Os filmes à volta do Natal são um filão, bem aproveitado pelas televisões, é claro, mas agora também pelas plataformas de streaming, onde estão ao nosso alcance a qualquer hora. Mas não só. A Netflix, lançou em 2019 uma produção própria de animação, “Klaus”, com assinalável êxito, tendo sido candidata ao Óscar de melhor filme de animação, que perdeu para “Toy Story 4”, da Disney/Pixar, tendo arrebatado o BAFTA da categoria. Porém, no campo da animação, podemos encontrar um bem nutrido lote de boas películas, desde logo o já clássico “O Estranho Mundo de Jack” (A Nightmare Before Christmas, 1993), dirigido por Henry Selick, duma história de Tim Burton, mestre do gótico e do fantástico, a que esta produção não é alheia. Porém, se dermos uma vista de olhos às diversas entregas de animação, vamos encontrar filmes natalícios em quase todas elas: “A Charlie Brown Christmas”, de 1963, escrito por Charles M. Schultz;  “Merry Madagascar”, de 2009, ou quando o Pai Natal caiu em Madagáscar com as suas renas; “Mickey’s Once Upon a Christmas”, de 1999, com o rato mais conhecido do pequeno écran, juntamente com os seus velhos amigos, com destaque para a sua namorada Minnie, Donald e Pateta, protagonizando três histórias de Natal e, inesquecível, o notável “The Muppet Christmas Carol”, de 1992, com um muito humano Michael Caine como Scrooge.

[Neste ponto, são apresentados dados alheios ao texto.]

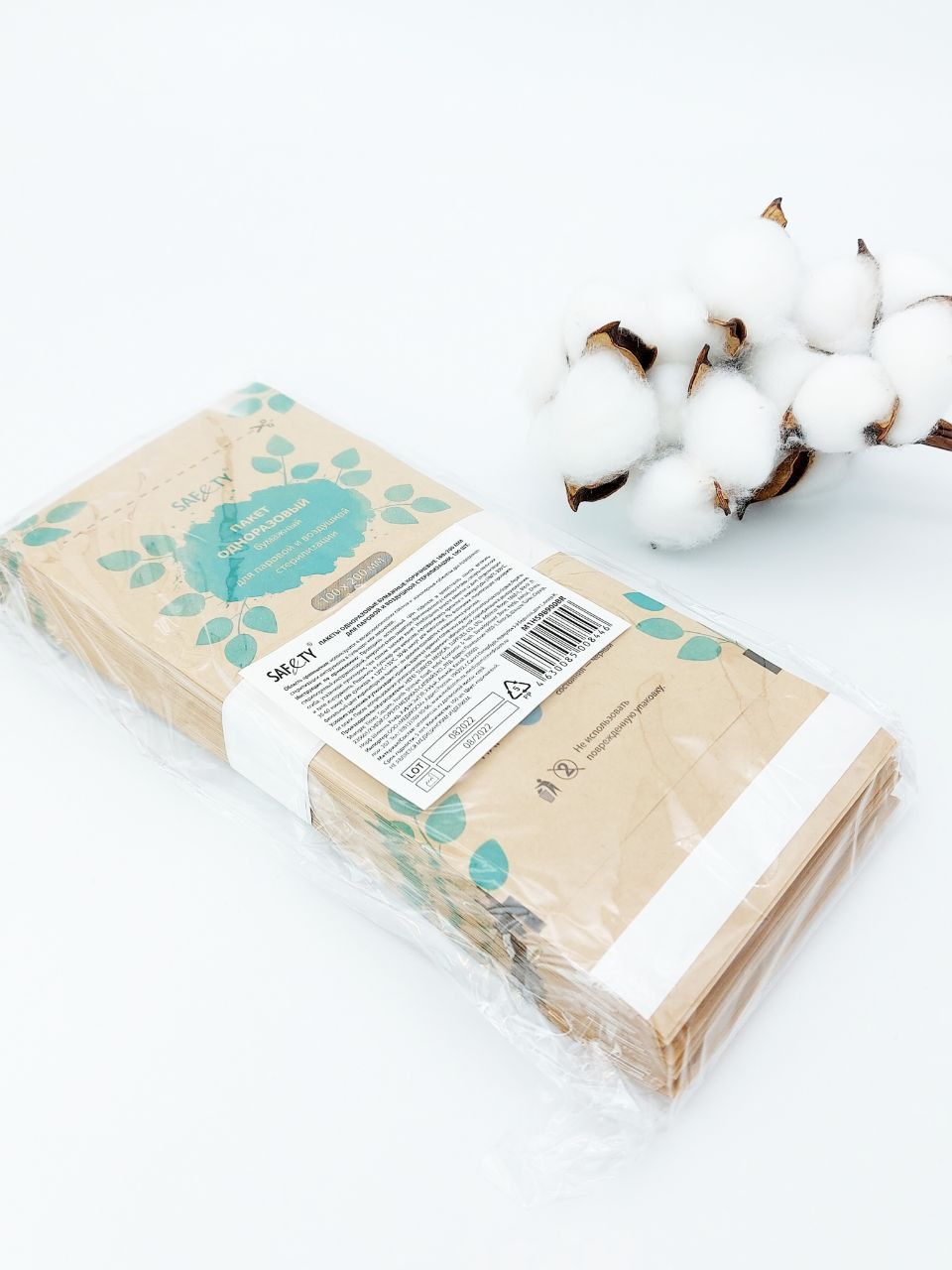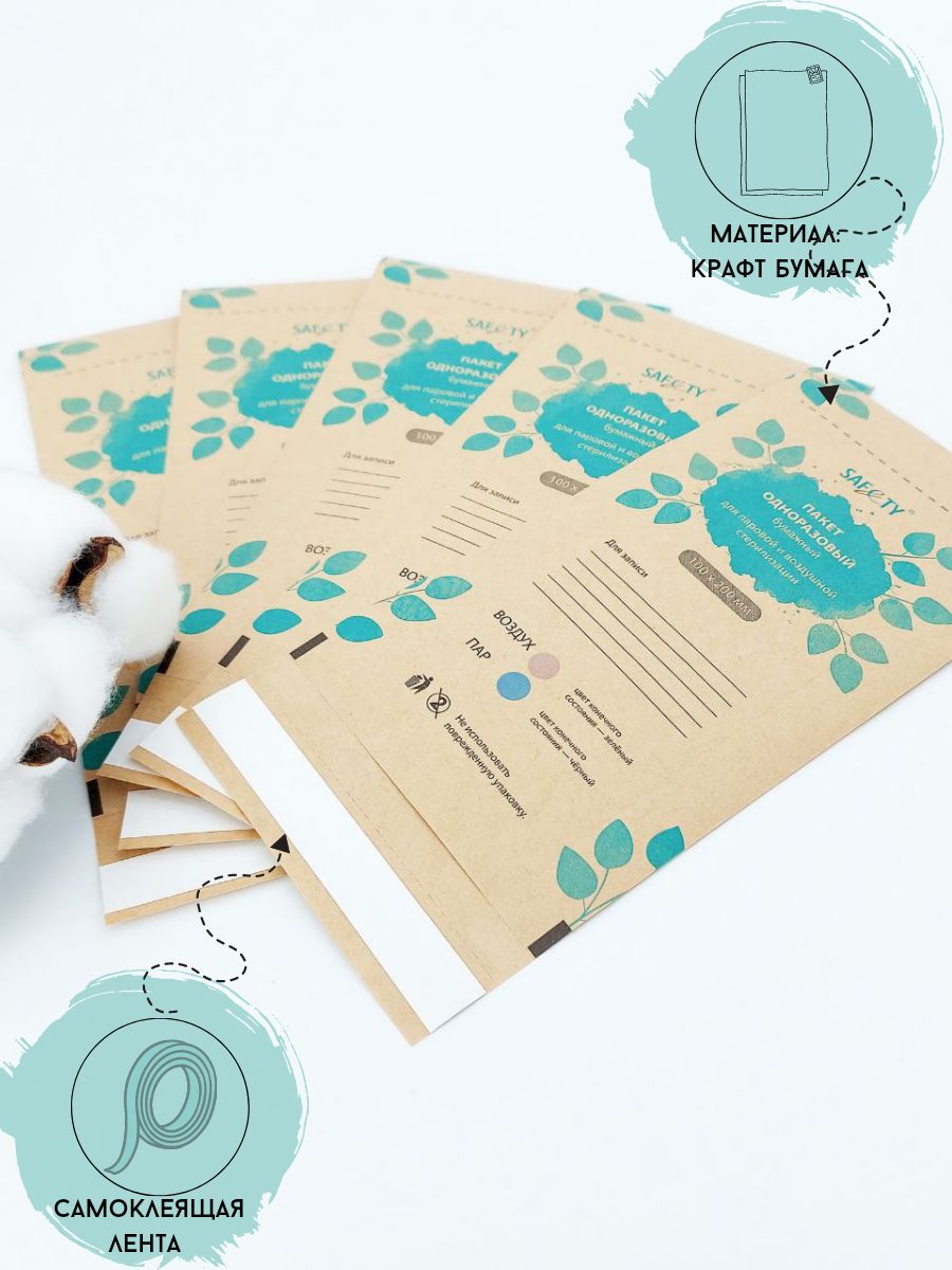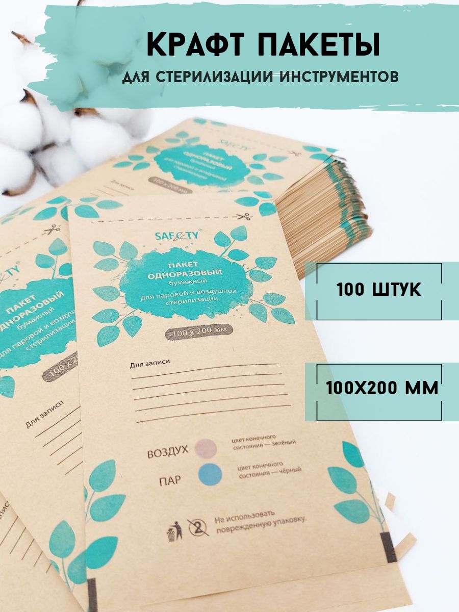 Крафт пакет медицинский для стерилизации инструментов, размер 100x200 мм, Safety, упаковка 100шт.
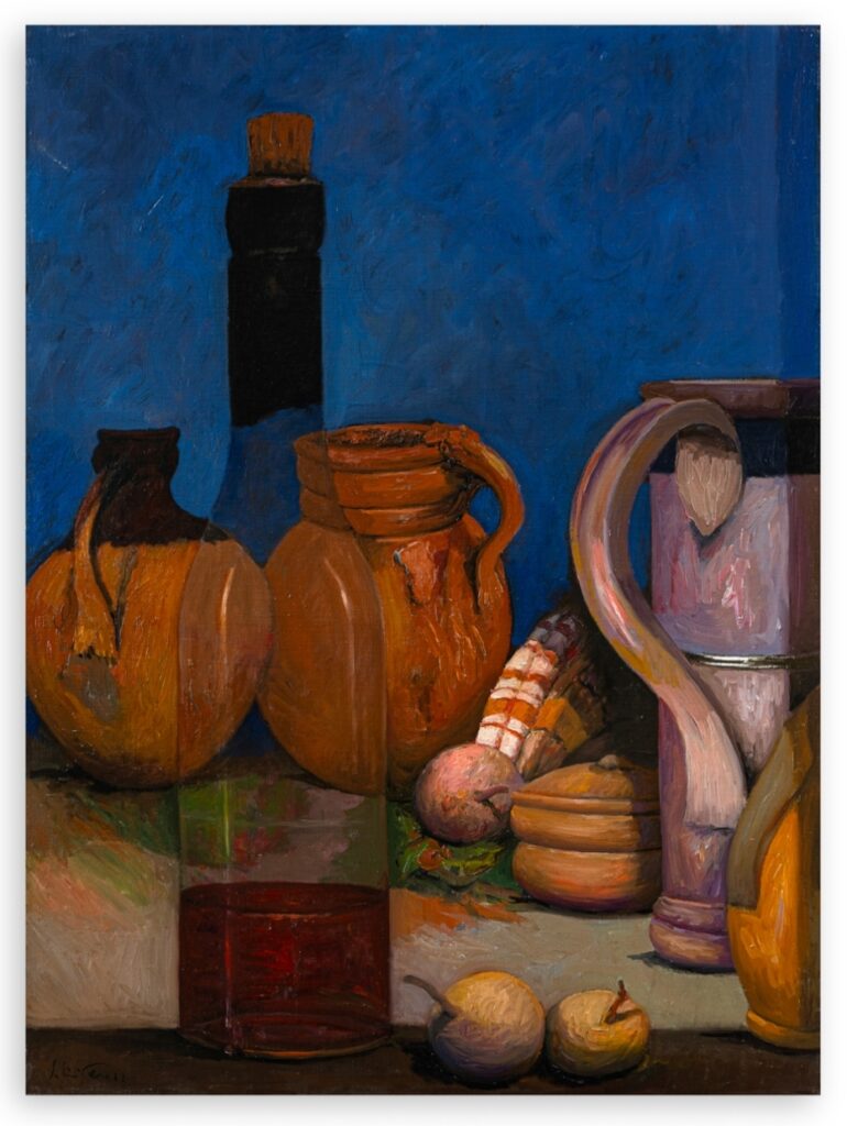 Goffredo Civitarese (1936-2016) "La bottiglia di vetro" olio su tela, cm 80 x 60

Apesar de tudo, de quando em vez, lá aparecem versões do intemporal “Conto de Natal” de Charles Dickens, um hino ao espírito natalício, da fiel “Scrooge”, de Henry Edwards, de 1935, com Sir Seymour Hicks como Scrooge, à também britânica de Ronald Neame, de 1972, em que o velho avarento é Albert Finney, acolitado por um fantasmagórico Sir Alec Guiness, sem esquecer “De Ilusão Também Se Vive” (Miracle on 34th Street, 1947), de George Seaton, outro dos grandes clássicos dos contos da Natal, quando Maureen O’Hara e a sua filha, uma pequena Natalie Wood, num dos seus primeiros filmes, recebem a visita de um velhote que diz ser o Pai Natal, papel que valeu a Edmund Gwenn o Oscar de Melhor Actor Secundário, bem outros que pretendem dar à volta à novela de Dickens, mostrando-nos outras faces do Natal, com algum drama à mistura, como é o caso de “Almost Christmas” (2016), de David E. Talbert, sobre uma família disfuncional que se reúne para o primeiro Natal depois da morte da mãe, com Kimberly Elise e Danny Glover, ou outros filmes em que o tema é recorrente, casos de “How The Grinch Stole Christmas”,2000, de Ron Howard, sobre a popular personagem criado por Dr. Seuss, o monstro verde, personificado por Jim Carrey, a quem a alegria dos habitantes da cidade pelo Natal o intrigava e que ao chegar a Whoville para dar a sua visão pessoal do Natal, conhece a pequena Cindy Lou Who, com algumas dúvidas sobre o acontecimento. Noutro registo “Santa Claus: The Movie”, 1985, de Jeannot Szwarc, com Dudley Moore, um dos muitos Santa Claus movies, alguns tão estapafúrdios como “Santa Claus Conquers the Martians”, 1964, de Nicholas Webster, ou o pesadelo por que passa Arnold Schwarzenneger em “Jingle All The Way”, 1996, de Brian Levant, à procura dum há muito esgotado boneco Turbo Man, na véspera de Natal, que havia prometido ao filho.
Já que o acesso às plataformas de streaming já se vai tornando banal, podemos sempre dar uma espreitadela às muitas séries disponíveis porque normalmente dedicam um episódio à efeméride.
Sendo caso disso, bons filmes, Feliz Natal e Bom Ano Novo!